You are under 21 and yet you want a drink. This contradiction has only one legal solution: cross the border into Canada, where, in British Columbia, the legal drinking age is 19.

One advantage of going to college in Seattle is that you now live close to a saner country—a place with national health care and the good sense to stay out of Iraq and a sensible drinking age. You are also blessed by the size of Vancouver, BC—it's not just a city in a sane country but a big city in a sane country. And like all big cities, it has lots of bars filled with other young people to meet and fuck.

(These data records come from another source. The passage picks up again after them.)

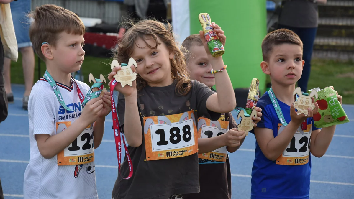 Na mecie na dzieci czekały medale w kształcie zająca oraz czekoladowe słodkości, które powodowały, że na twarzy pojawiał się uśmiech i uzupełniały kalorie, spalone podczas biegania.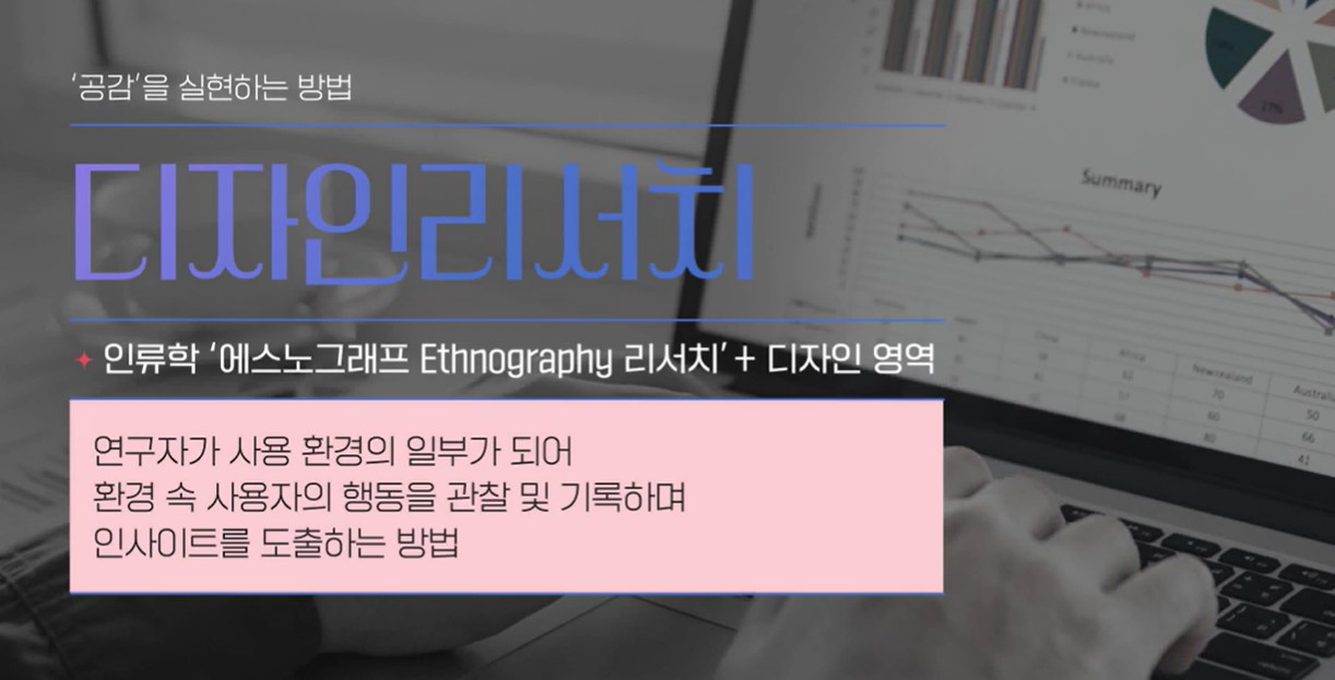 과거 기업들은 혁신성, 진출성, 비용 감수성, 자율성, 경쟁적 공격성이 중요하다고 여겼습니다. 그러나 최근 성공한 스타트업 대표들의 인터뷰를 분석해 보면, 공통적으로 중요하다고 새롭게 등장한 단어는 바로 "공감" 입니다. 공감은 누군가와 같은 입장이 되어서 공감한다는 것이 동정과는 매우 다릅니다. 적극적으로 고객의 입장이 되어 문제를 파악하고 그 해결책을 찾는 것이 공감의 핵심입니다. 이러한 공감은 디자인 리서치라는 방법을 통해서 실현할 수 있습니다. 디자인 리서치는 인류학의 한 분야인 민족지학, 즉 에스노그라피 리서치를 디자인 영역으로 도입한 것으로, 사용자의 환경에 직접 들어가서 행동을 관찰하고 인사이트를 발굴하는 방법론을 의미합니다.
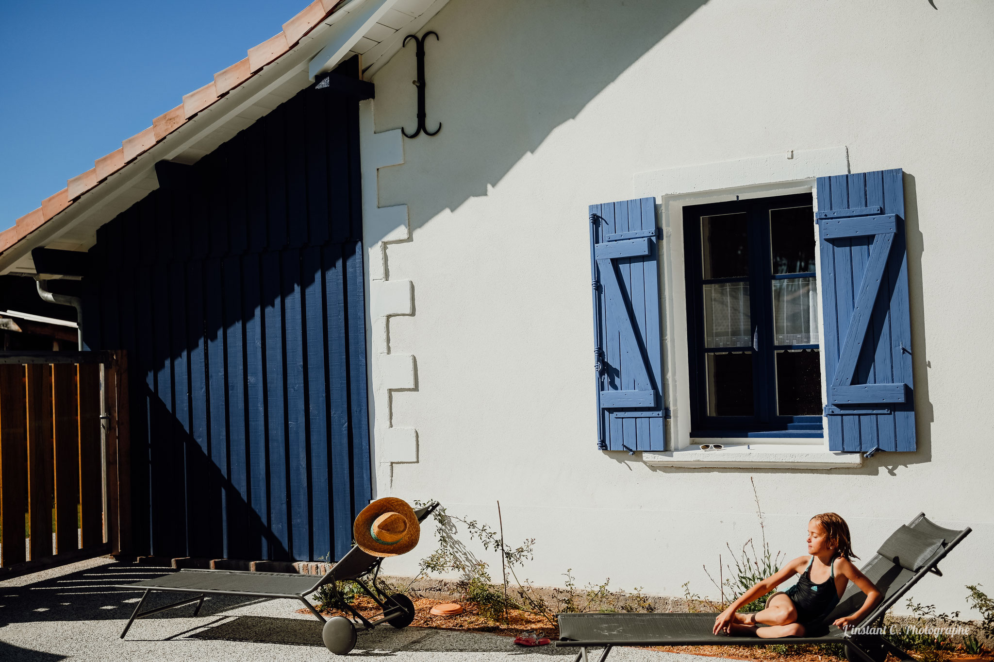 Terrasse aménagée côté sud ouvrant sur la piscine avec bains de soleil et parasol.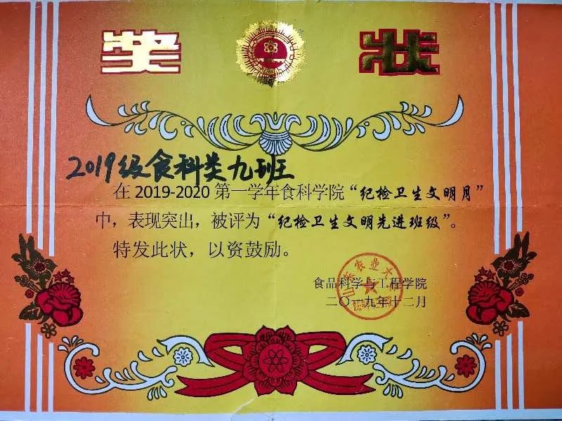 1.在2019-2020学院纪检文明月活动中荣获一等奖。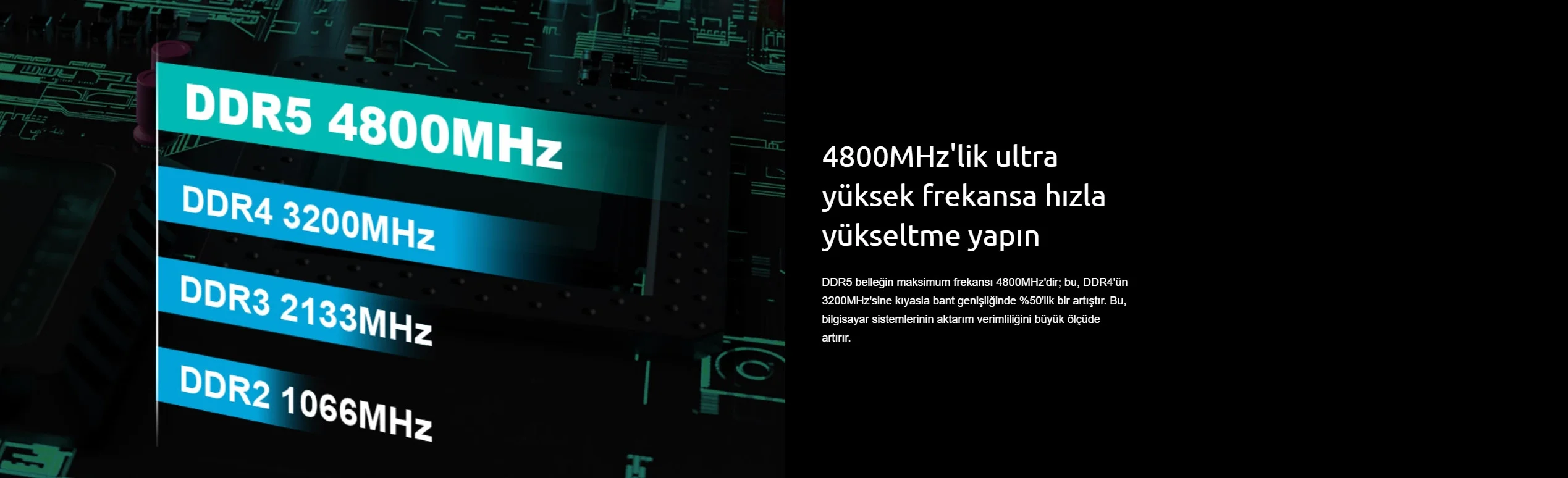 DDR5 belleğin maksimum frekansı 4800MHz'dir; bu, DDR4'ün 3200MHz'sine kıyasla bant genişliğinde %50'lik bir artıştır. Bu, bilgisayar sistemlerinin aktarım verimliliğini büyük ölçüde artırır.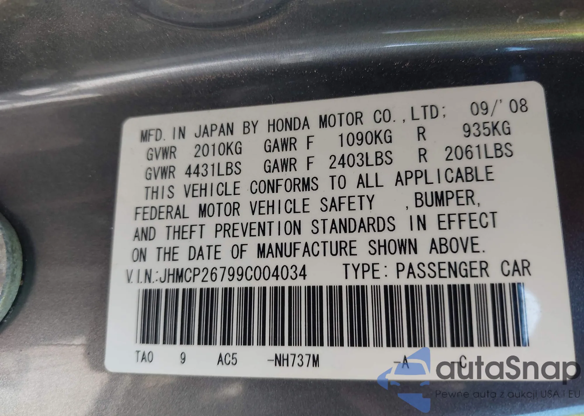 LOT: 42119755 VIN: JHMCP26799C004034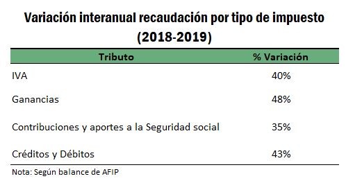 En este cálculo, está implícito el supuesto de que lo recaudado por la actividad del campo y la agroindustria varió en la misma proporción que el total de la recaudación nacional entre el año 2018 y el año 2019. Es decir, el sector mantuvo sin cambios su participación relativa en el total de la recaudación nacional.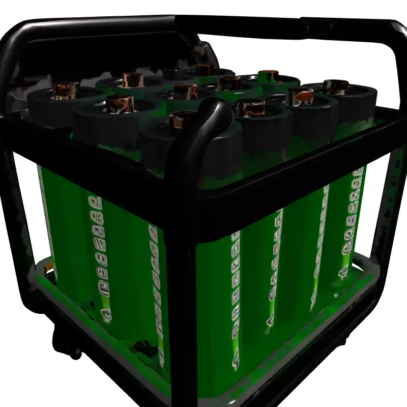 This highly detailed 3D model depicts an industrial battery storage and transport trolley, featuring a robust metal frame with caster wheels and a full set of large-format cylindrical batteries. Each battery is meticulously modeled with accurate proportions and visible terminals, while the trolley itself showcases realistic structural elements and attachment points. This asset is ideal for a variety of digital applications, including enriching industrial environments in game development, adding authentic detail to architectural visualization projects, or creating compelling scenes in digital art. Its clean topology and optimized mesh make it suitable for real-time applications such as AR/VR experiences, as well as high-quality static renderings and animations. The model is fully UV unwrapped, allowing for easy application of custom textures. It is provided with PBR textures, ensuring photorealistic rendering across different lighting conditions. Compatible with leading 3D software, this model can be supplied in multiple popular formats including GLB, OBJ, STL, ABC, DAE, FBX, USD, and PLY, offering broad usability for your creative needs. Whether populating a factory floor, a futuristic power plant, or an urban setting, this battery trolley adds a layer of realism and functionality to any scene. The design emphasizes durability and practical utility, making it a valuable addition to any professional 3D asset library.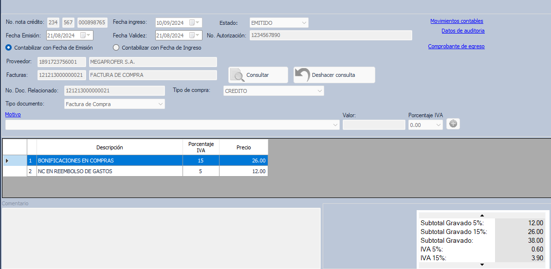 - Generar Notas de crédito personalizadas de una factura de compras en el sistema EVA ERP.
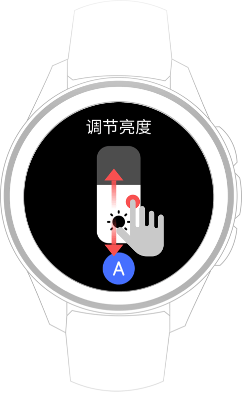 在手表表盘界面单击上键进入应用列表,上下滑动屏幕,进入“设置” > “屏幕显示” > “调节亮度”,可根据需要设置屏幕亮度,默认设置为自动(根据外界环境光调节手表的亮度)。点击取消自动调节后,可上下滑动进行手动调节。
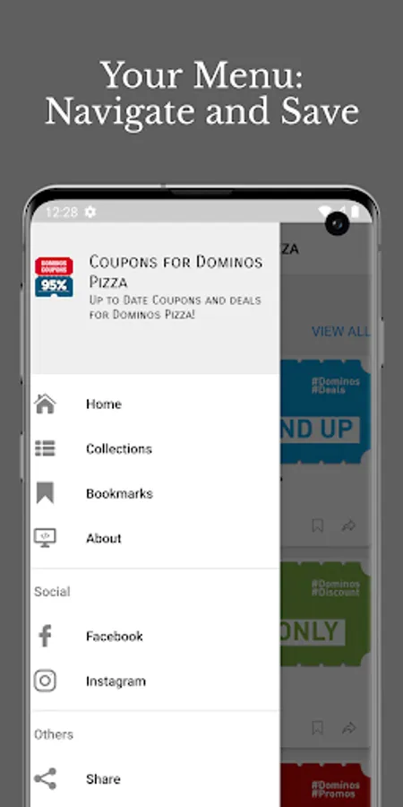 Disclaimer : This is an unofficial Domino’s Pizza app, it is not related to any other apps or companies except for our main brand Coupon Apps.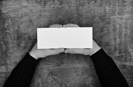 small white piece of paper in his hand man monochrome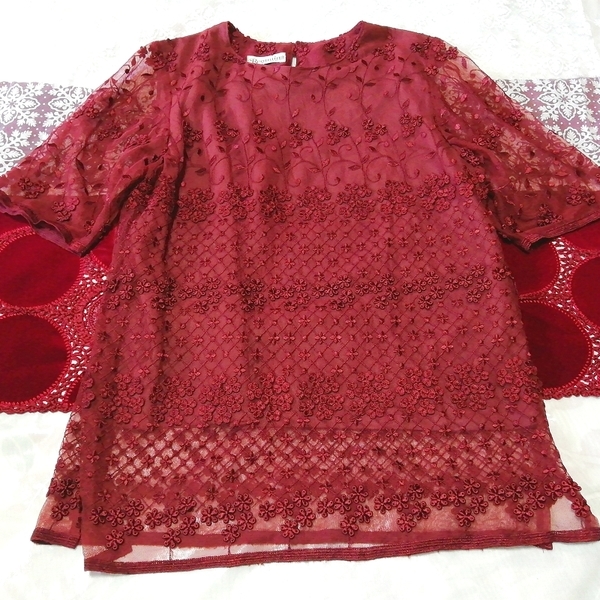 > 赤ワインレッド花柄レース半袖チュニック ネグリジェ ナイトウェア ワンピース Red wine red floral lace tunic negligee dress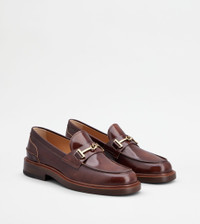 Loafers with metal double T Ring accessory and leather outsole. Crafted in fine brushed calfskin leather, they are a timeless elegance creation. - Made in Italy - Women's loafers with clip - Calfskin leather upper - Metal double T Ring accessory - Leather insole - Leather heel with rubber insert - Leather outsole - Maintenance and care cards included - Branded dustbag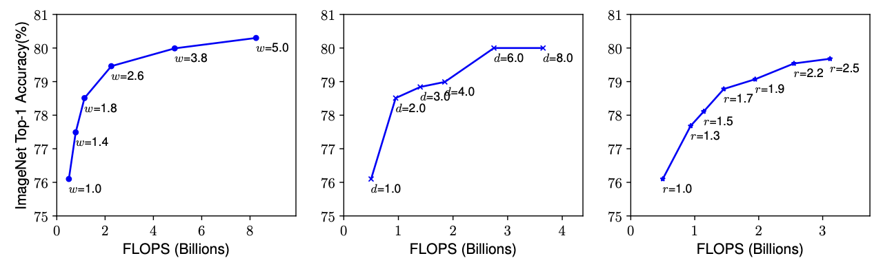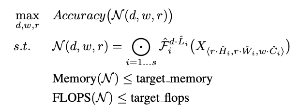 제약 조건 아래에 d,w,r이 dependent 하기 때문에 풀기 어렵다, 일반적으로 세 차원 중 하나만 scale 하는 방법이 많다.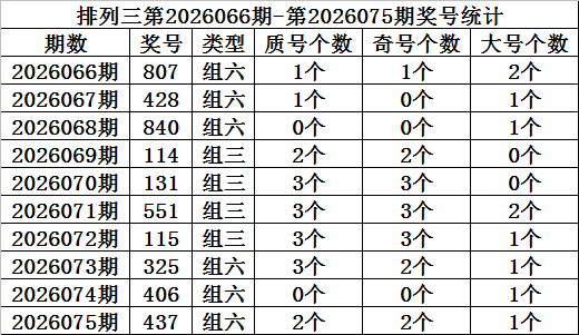 上期回来:胪列三第2026075期开奖:437,质合比为2:1,奇偶比为1:2,大小比为2:1。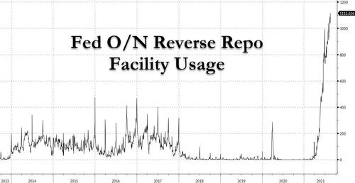 就在美聯儲紀要發佈的同一天,美聯儲隔夜逆回購操作規模在週三已進一步攀升至了創紀錄的1.116萬億美元,參與機構多達82家。通過隔夜逆回購,貨幣市場基金等對手方可以將其現金存放在美聯儲。美聯儲資料顯示,上述規模超過了8月12日創下的1.087萬億美元的歷史最高水準。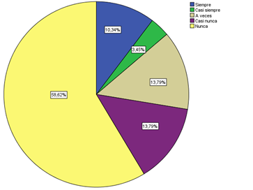 En la figura 3, se puede evidenciar que el 82,76% de los estudiantes sus padres están verifican que envién sus actividades, mientras que el 3,45% de padres no esta pendiente del envío de tareas, por lo tanto se puede inicar que el control del envío de tareas es un factor que ayuda a que el estudiante pueda adquirir responsabilidad y mejorar su desempeño escolar; pero a pesar del control debe despertar su motivación intrínseca por el estudio.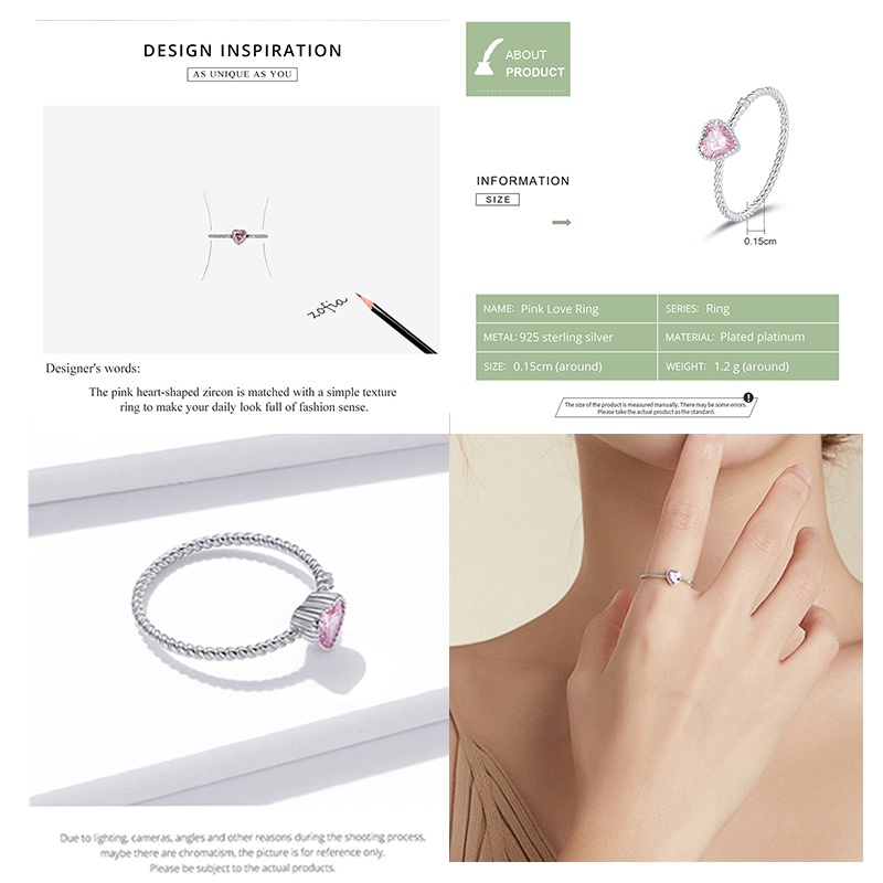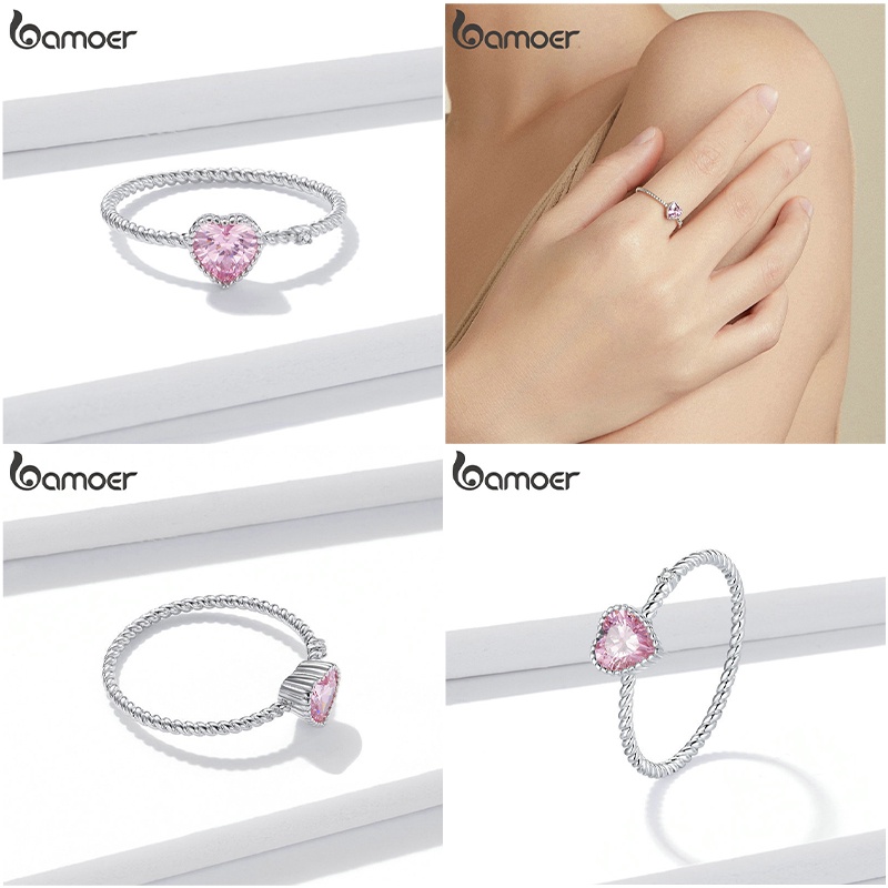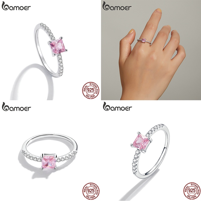Bamoer 925 Silver Sterling Pink Zircon Ring Jóias De Moda Em Zircônio Rosa Para Presentes De Aniversário Feminino
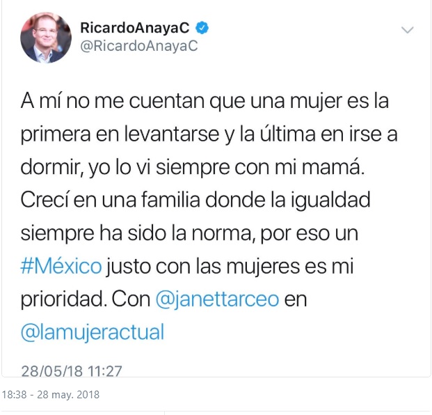 Por la mañana, Anaya Cortés escribió un mensaje en el que señaló que creció con la igualdad como norma en su casa, y que prueba de ello era que su madre era la primera en levantarse y la última en irse a dormir. El confuso concepto del panista sobre «igualdad» generó críticas de comunicadores, periodistas y activistas, como Estefanía Vela, responsable del área de Derechos Sexuales y Reproductivos del Programa de Derecho a la Salud del Centro de Investigación y Docencia Económicas (CIDE).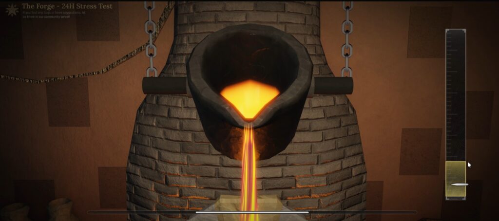 Forging is one of the core mechanics in The Forge. Players can use gathered Ores to craft Weapons and Armor by completing a Forging mini-game.

Vancouver also has lots of cheap but decent hotels. My recommendation: the Shaughnessy Village in Vancouver's hospital district. This concrete tower offers small but cozy rooms that can hold three persons at the cost of fifty bucks a night. If you decide to stay here, ask for a room on an upper floor facing downtown Vancouver. For fifty bucks you will enjoy a million-dollar view. As you legally drink and fool around with your friend (or friends), the lights of the city will magically illuminate your lurid little room.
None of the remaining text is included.